References

Stockwell F. The unpopular patient.London: RCN Publications; 1972

From staff nurse to nurse consultant: Survival Guide part 10: Surviving ‘difficult’ patients

26 March 2020
Volume 29 · Issue 6

Abstract

John Fowler, Educational Consultant, explores how to survive your nursing career

One of the first nursing research studies I read was Felicity Stockwell's The Unpopular Patient (Stockwell, 1972), part of the early groundbreaking nursing research that began the shift towards evidence-based nursing. Stockwell's findings showed that nurses did identify some patients as ‘unpopular’ and challenged the readers to examine their interactions with patients and consider the reasons for such feelings. One particularly interesting finding was that unpopular patients were not avoided by the nursing staff, who often spent more time with them at the expense of the ‘uncomplaining’ patients who received less attention. In the 50 years since the work was carried out relatively little empirical research has gone on into the cause, management and effects on staff of those often referred to as ‘difficult patients’.

The danger of labels

Although I'm aware of the danger of labelling some patients as ‘difficult’—and that most people can be difficult given certain stressors and frustrations—nearly all clinical staff that I talk to have found some of their patients difficult in terms of their medical, social or mental health needs, and many have experienced verbal and at times physical abuse from patients. All too often the nurse accepts these difficulties and abuse and just carries on with their work. Verbal and physical abuse is most common in emergency departments and acute mental health settings, often fuelled by alcohol, frustration and fear, but is not uncommon in all other areas of nursing practice. It is triggered by many factors: pain, confusion, anxiety, frustration, fear, mental health problems and a variety of communication difficulties. It is important not to label patients, relatives and staff as ‘difficult’, but it is important to recognise and acknowledge that not all nurse–patient interactions are wonderful and life enhancing.

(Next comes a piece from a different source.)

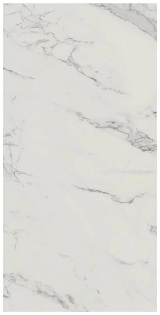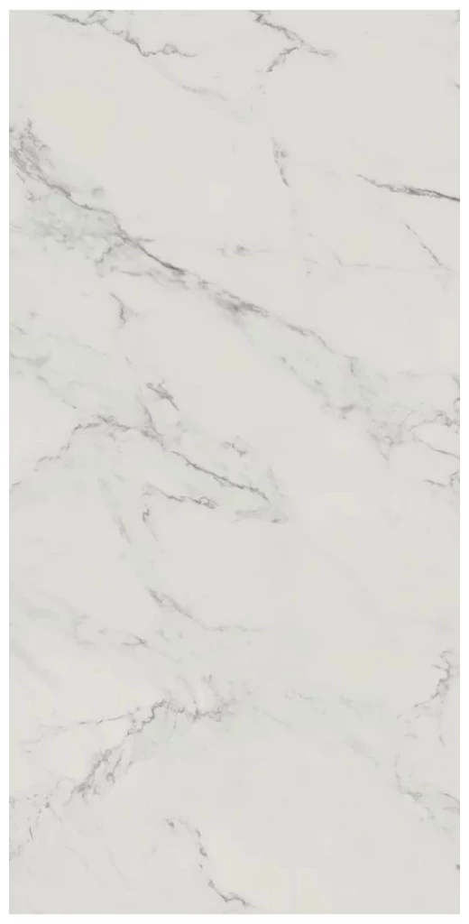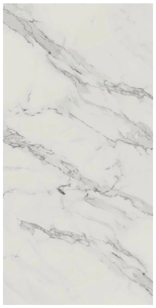 Carrastone White to gres mat rektyfikowany o wymiarach 59,8x119,8 cm, który od razu zwraca uwagę swoją powierzchnią inspirowaną marmurem. Jasna, delikatna baza podkreślona jest naturalnie wyglądającymi żyłkami w szarościach, co daje efekt autentycznego kamienia, ale bez jakiejkolwiek przesady. Matowa struktura sprawia, że powierzchnia jest nieświecąca, a przez to mniej podatna na odciski i przebarwienia.

Recognising trigger factors

In a perfect world patients and their accompanying relatives would be greeted instantly on arrival by an experienced and qualified nurse, sat down in a quiet and comfortable room and assessed immediately. The doctor would be waiting to examine and order any investigations, which would be carried out immediately by experienced and qualified staff. A diagnosis would be made and treatment given, with immediate effects. Transport would be waiting to take the patient and relative home.

The nurse and doctor would then sit down and peacefully write up the notes and await the next patient. Sadly, this utopia does not exist, but anything that diverges from this ideal patient journey can act as a trigger factor generating poor communication, frustration, anxiety and anger. Some of these triggers can be lessened by good communication, changes in the physical environment, better staffing levels and staff training, but others are beyond the control of the clinical nurse, hospital or health service.

Working as a team

Teamwork, leadership and caring for each other form the most important sources of support for all nurses. If you take a few moments to reflect on the staff you work with then you will soon realise that some nurses are very good at caring for patients who have complex health needs, others are very good at caring for the more verbally aggressive patients, others still are good with the confused or anxious patients. Likewise, we each have weaknesses with particular medical conditions or behaviours. Teamwork is initially about using people's strengths whenever possible in terms of patient allocation, but it is also about recognising each other's weaknesses and helping people to develop their skills.

Surviving as a nurse

There are times for all nurses when they will be looking after patients who they find ‘difficult’ to care for. This may be due to the patient's age, medical condition, prognosis, personality or a variety of other factors. Whatever the reason, the nurse is left with feelings of frustration, anxiety, anger, guilt, helplessness or fear.

If you just accept and absorb these feeling, then they will drain you and, if accumulated over time, can lead to a reduction in your ability to care and eventual burnout. Most importantly, you must seek support from your colleagues and team leader; this can be either in developing skills to manage future situations, or just talking over how this one has made you feel. This is not a weakness in your ability to nurse and care. If you and the team can identify any factors that may have triggered the situation then as a team try to mange them in a positive way in the future. This may mean escalating the trigger factors or causes of the problems to more senior management.

Surviving as a caring profession

The relationship we have with our patients is central to the care and treatment they receive. We need to look honestly at that relationship, exploring the underlying factors that may prevent that relationship being a positive and life-enhancing one. This needs high-quality research that requires funding, an honesty to explore this difficult area and a willingness to act on its findings.